» BRIEF: What lines of the data include the string "Автандил"? Copy them all.

» DATA RECORDS:
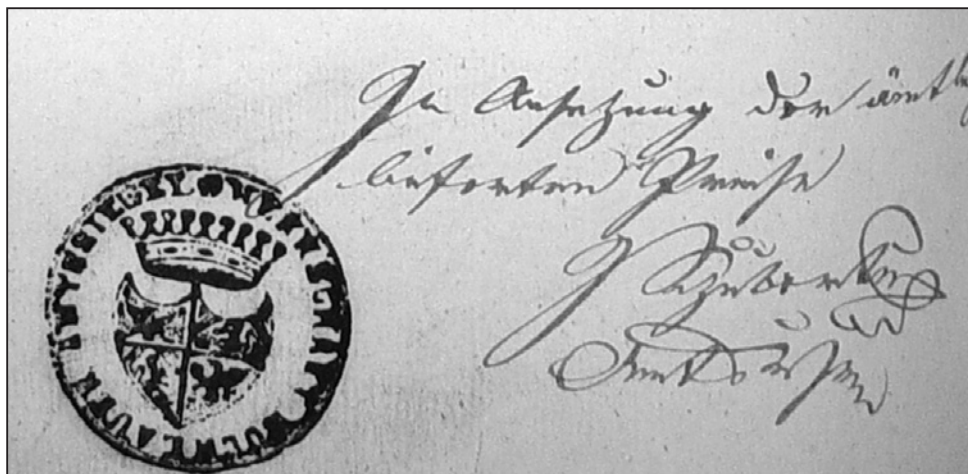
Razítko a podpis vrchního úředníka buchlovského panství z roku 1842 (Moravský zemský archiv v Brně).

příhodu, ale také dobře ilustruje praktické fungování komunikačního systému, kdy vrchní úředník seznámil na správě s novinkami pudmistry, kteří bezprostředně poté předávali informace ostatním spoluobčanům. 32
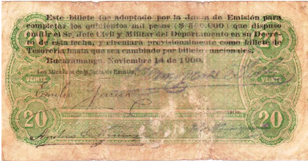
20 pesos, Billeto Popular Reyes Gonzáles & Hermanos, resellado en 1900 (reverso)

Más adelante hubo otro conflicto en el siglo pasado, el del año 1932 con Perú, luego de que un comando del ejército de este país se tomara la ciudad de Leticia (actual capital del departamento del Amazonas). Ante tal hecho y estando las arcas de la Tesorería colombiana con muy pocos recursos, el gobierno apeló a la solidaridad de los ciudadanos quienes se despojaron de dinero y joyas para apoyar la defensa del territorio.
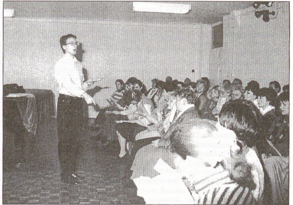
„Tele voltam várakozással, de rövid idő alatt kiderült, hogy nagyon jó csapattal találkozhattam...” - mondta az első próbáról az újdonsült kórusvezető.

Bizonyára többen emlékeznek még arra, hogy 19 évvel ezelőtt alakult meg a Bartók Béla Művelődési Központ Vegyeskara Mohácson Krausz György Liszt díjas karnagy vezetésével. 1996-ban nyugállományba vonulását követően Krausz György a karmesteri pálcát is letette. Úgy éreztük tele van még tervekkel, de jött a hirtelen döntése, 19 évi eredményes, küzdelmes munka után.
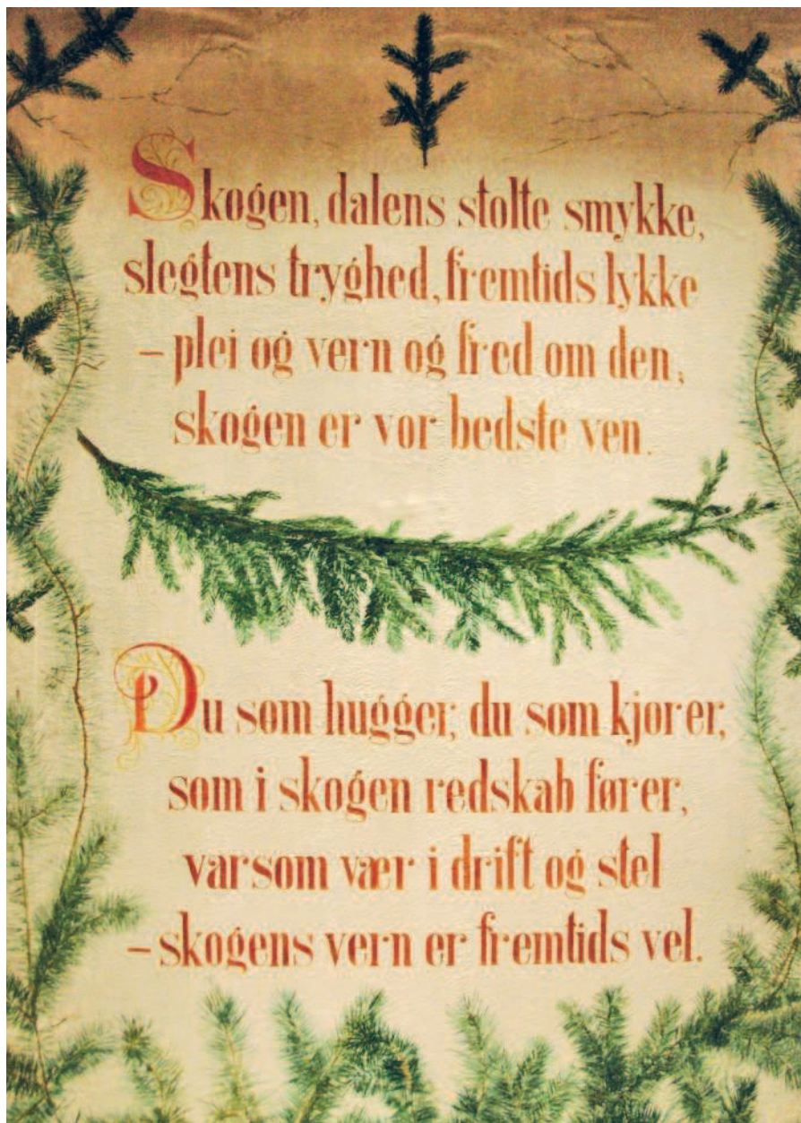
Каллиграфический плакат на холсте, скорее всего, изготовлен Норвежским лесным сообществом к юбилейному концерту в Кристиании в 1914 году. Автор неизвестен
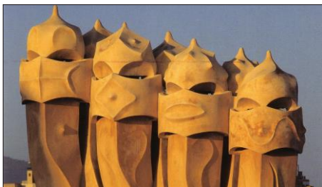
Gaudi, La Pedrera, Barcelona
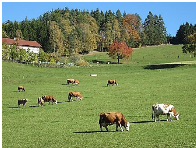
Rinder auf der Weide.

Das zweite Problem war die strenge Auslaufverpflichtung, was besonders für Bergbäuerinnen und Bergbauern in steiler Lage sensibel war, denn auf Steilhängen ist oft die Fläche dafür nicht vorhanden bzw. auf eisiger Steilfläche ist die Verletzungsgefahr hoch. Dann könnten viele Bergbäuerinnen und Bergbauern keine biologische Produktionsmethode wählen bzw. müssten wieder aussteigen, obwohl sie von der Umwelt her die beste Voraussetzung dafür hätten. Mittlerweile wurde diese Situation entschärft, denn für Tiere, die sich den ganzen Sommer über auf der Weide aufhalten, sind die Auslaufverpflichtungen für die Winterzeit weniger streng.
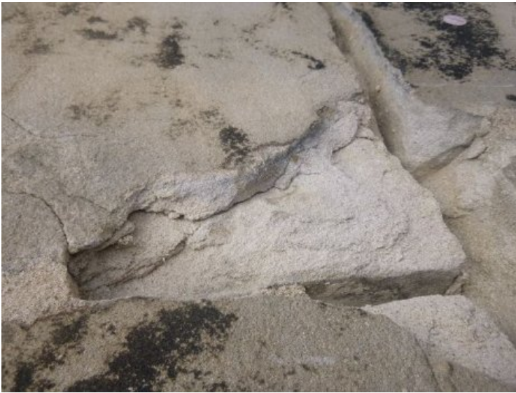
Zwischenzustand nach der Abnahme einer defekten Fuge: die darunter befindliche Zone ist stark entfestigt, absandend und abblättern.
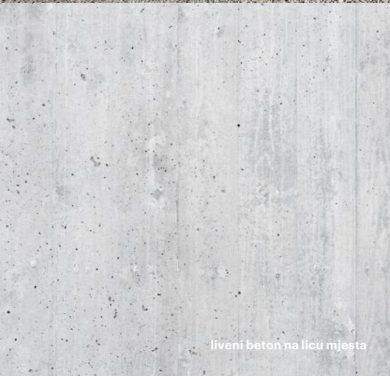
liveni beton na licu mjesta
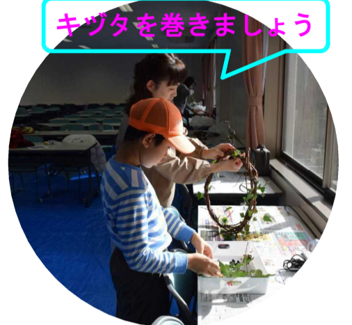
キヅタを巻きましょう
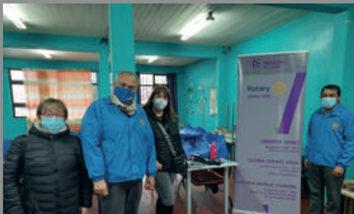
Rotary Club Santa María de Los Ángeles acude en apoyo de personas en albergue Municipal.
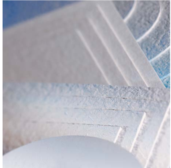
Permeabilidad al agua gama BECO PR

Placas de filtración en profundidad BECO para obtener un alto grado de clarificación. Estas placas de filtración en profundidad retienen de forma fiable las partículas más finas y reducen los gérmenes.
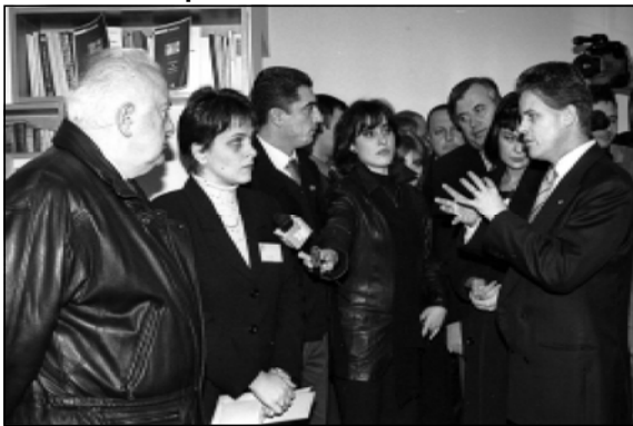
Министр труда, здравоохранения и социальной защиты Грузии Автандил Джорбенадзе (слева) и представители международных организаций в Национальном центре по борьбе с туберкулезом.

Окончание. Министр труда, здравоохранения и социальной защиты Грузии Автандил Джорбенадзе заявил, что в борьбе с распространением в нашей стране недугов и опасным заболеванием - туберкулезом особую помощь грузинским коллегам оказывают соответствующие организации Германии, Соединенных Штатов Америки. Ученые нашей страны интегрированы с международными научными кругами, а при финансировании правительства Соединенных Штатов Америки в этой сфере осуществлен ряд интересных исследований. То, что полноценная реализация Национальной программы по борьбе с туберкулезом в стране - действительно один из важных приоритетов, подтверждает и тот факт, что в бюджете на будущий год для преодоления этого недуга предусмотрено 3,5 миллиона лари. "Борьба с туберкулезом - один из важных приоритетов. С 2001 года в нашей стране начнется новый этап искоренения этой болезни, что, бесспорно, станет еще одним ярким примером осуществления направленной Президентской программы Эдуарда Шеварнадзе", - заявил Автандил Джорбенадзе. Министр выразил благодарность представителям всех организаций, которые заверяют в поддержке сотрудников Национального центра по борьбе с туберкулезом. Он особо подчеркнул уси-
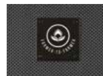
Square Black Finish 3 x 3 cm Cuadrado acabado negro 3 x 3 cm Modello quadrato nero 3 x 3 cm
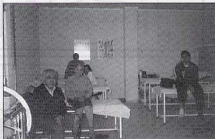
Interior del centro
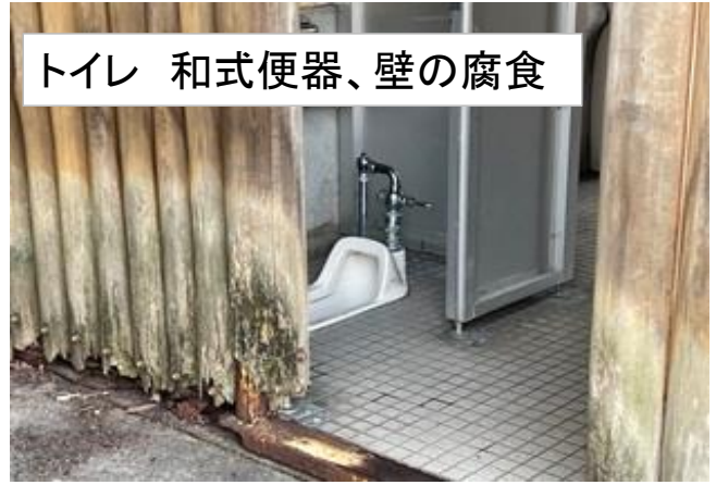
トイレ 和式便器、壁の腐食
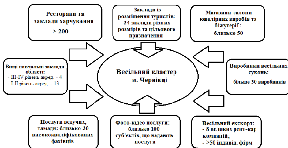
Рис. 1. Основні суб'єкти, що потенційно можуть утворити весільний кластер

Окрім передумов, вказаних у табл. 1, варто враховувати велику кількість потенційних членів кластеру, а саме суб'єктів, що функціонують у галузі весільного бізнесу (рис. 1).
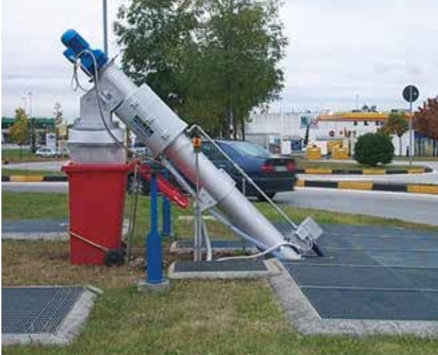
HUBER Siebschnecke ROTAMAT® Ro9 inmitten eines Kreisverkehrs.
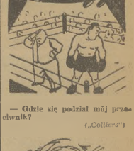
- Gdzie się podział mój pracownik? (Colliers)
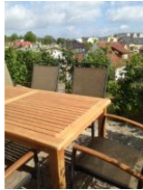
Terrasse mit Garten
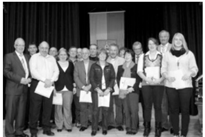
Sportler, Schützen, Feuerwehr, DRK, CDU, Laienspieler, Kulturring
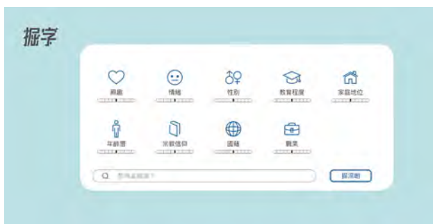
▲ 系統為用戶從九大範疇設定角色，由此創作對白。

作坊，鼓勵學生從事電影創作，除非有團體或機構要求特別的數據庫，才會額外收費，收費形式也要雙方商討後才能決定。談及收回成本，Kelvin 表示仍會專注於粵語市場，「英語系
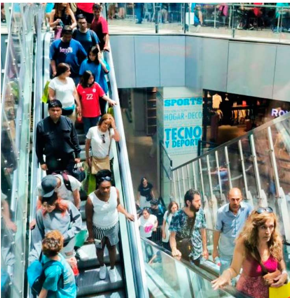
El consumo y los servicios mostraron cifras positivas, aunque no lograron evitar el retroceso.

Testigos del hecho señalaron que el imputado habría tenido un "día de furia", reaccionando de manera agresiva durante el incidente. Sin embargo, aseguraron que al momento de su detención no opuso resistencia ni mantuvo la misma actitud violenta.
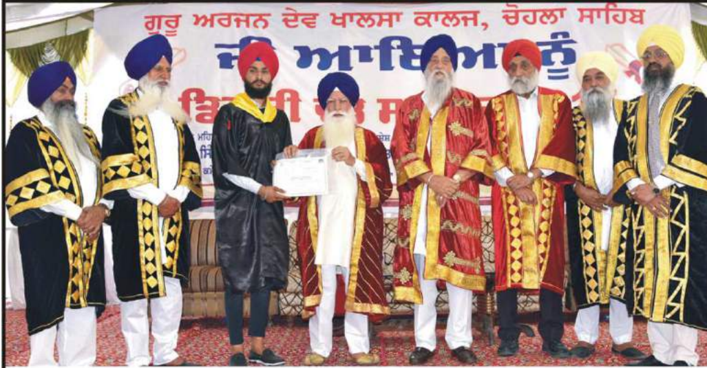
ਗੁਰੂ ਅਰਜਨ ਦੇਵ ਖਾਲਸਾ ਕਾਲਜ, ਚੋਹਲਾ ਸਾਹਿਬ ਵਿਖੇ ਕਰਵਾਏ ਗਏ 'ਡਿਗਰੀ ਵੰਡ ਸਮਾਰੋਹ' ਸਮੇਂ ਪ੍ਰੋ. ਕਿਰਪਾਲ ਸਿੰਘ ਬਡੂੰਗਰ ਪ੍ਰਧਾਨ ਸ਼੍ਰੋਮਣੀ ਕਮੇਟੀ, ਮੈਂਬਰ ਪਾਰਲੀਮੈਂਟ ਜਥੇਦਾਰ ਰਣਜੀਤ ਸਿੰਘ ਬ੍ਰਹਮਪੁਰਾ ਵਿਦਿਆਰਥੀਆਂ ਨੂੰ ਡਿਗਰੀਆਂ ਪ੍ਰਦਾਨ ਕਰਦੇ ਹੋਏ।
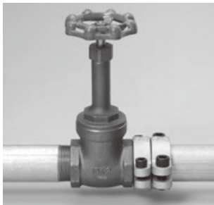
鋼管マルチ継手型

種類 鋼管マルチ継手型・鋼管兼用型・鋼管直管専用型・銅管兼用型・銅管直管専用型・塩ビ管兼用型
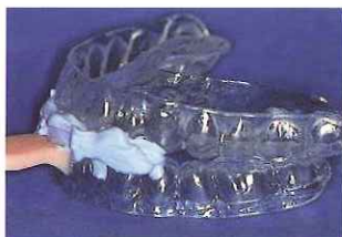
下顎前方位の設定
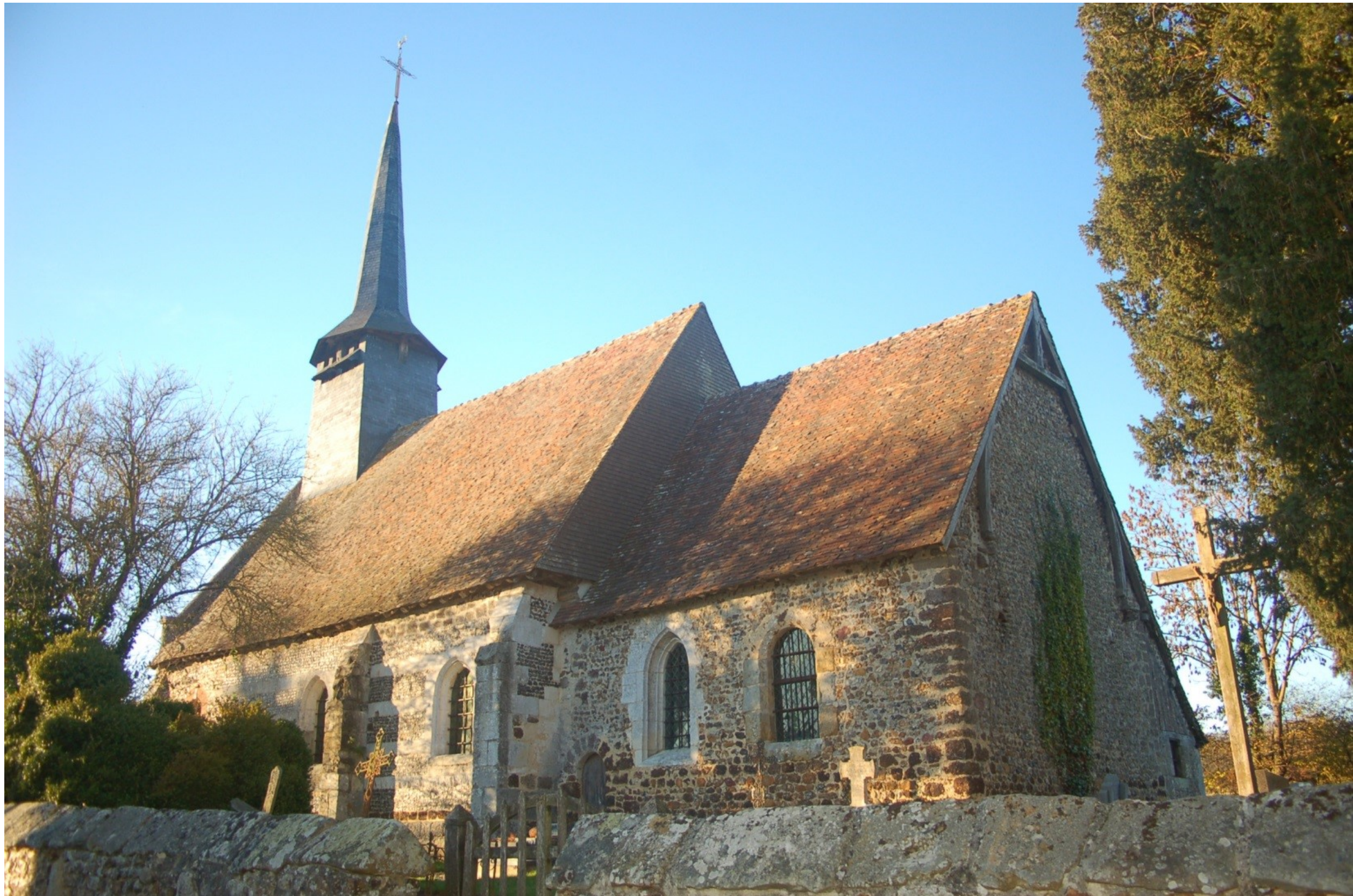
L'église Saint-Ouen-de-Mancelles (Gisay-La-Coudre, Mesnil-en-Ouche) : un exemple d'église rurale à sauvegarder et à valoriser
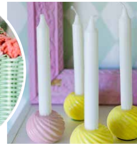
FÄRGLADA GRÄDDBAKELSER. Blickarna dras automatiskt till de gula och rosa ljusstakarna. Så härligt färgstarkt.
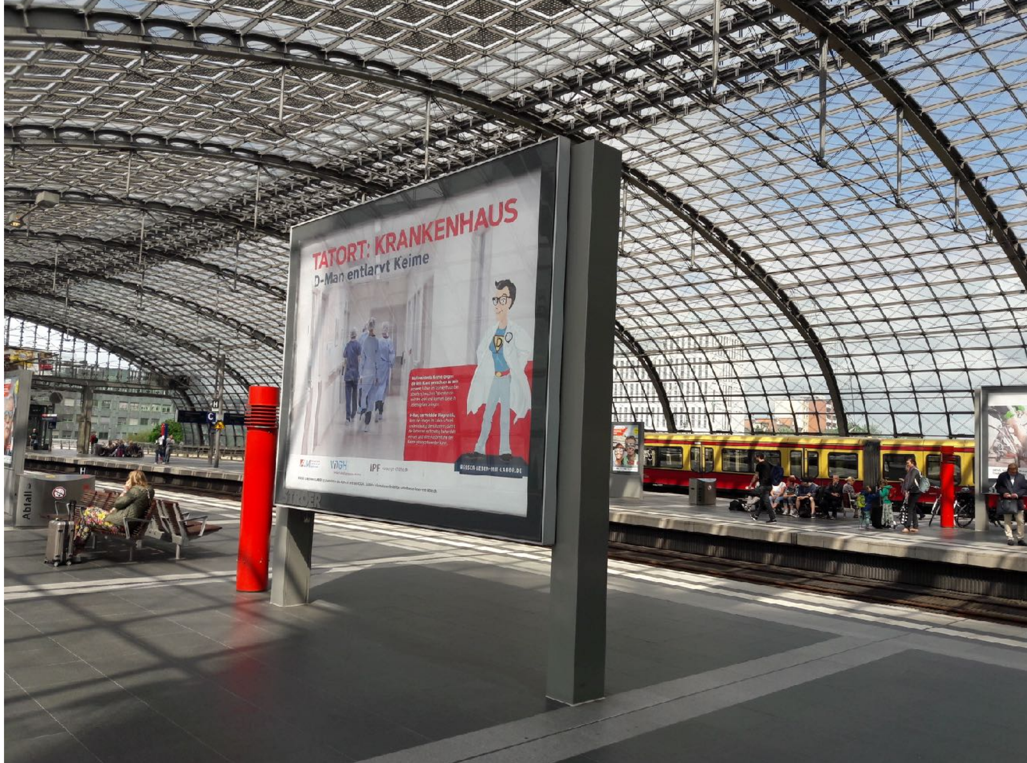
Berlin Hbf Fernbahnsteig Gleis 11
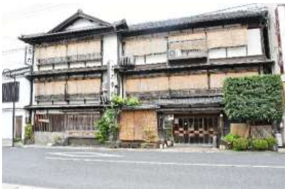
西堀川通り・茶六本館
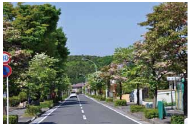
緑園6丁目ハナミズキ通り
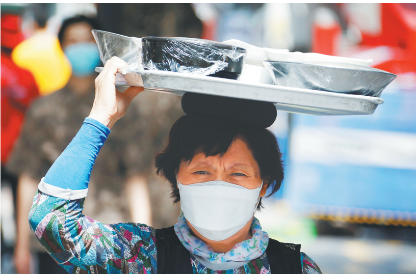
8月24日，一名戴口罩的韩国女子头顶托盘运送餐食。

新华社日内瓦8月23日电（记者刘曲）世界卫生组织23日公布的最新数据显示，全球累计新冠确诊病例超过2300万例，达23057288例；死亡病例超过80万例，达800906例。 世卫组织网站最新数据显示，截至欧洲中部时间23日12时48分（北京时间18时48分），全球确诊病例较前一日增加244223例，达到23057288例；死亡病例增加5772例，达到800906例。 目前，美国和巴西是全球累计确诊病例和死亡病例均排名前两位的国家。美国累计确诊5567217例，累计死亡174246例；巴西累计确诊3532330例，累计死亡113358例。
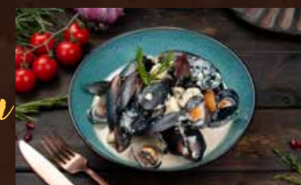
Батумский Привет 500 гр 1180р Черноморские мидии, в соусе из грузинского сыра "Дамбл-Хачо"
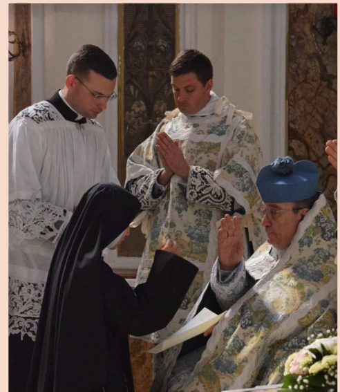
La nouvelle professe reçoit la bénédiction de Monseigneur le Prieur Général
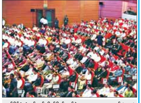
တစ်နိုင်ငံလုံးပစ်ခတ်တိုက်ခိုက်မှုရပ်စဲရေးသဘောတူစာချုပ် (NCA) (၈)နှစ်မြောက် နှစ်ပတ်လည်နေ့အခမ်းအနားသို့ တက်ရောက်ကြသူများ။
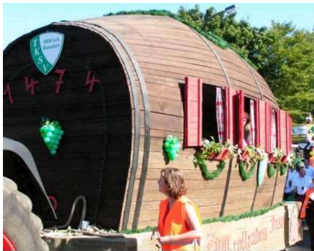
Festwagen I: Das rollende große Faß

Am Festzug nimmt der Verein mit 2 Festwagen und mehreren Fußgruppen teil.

» EXERCISE OUTPUT:
Министр труда, здравоохранения и социальной защиты Грузии Автандил Джорбенадзе (слева) и представители международных организаций в Национальном центре по борьбе с туберкулезом.
Окончание. Министр труда, здравоохранения и социальной защиты Грузии Автандил Джорбенадзе заявил, что в борьбе с распространением в нашей стране недугов и опасным заболеванием - туберкулезом особую помощь грузинским коллегам оказывают соответствующие организации Германии, Соединенных Штатов Америки. Ученые нашей страны интегрированы с международными научными кругами, а при финансировании правительства Соединенных Штатов Америки в этой сфере осуществлен ряд интересных исследований. То, что полноценная реализация Национальной программы по борьбе с туберкулезом в стране - действительно один из важных приоритетов, подтверждает и тот факт, что в бюджете на будущий год для преодоления этого недуга предусмотрено 3,5 миллиона лари. "Борьба с туберкулезом - один из важных приоритетов. С 2001 года в нашей стране начнется новый этап искоренения этой болезни, что, бесспорно, станет еще одним ярким примером осуществления направленной Президентской программы Эдуарда Шеварнадзе", - заявил Автандил Джорбенадзе. Министр выразил благодарность представителям всех организаций, которые заверяют в поддержке сотрудников Национального центра по борьбе с туберкулезом. Он особо подчеркнул уси-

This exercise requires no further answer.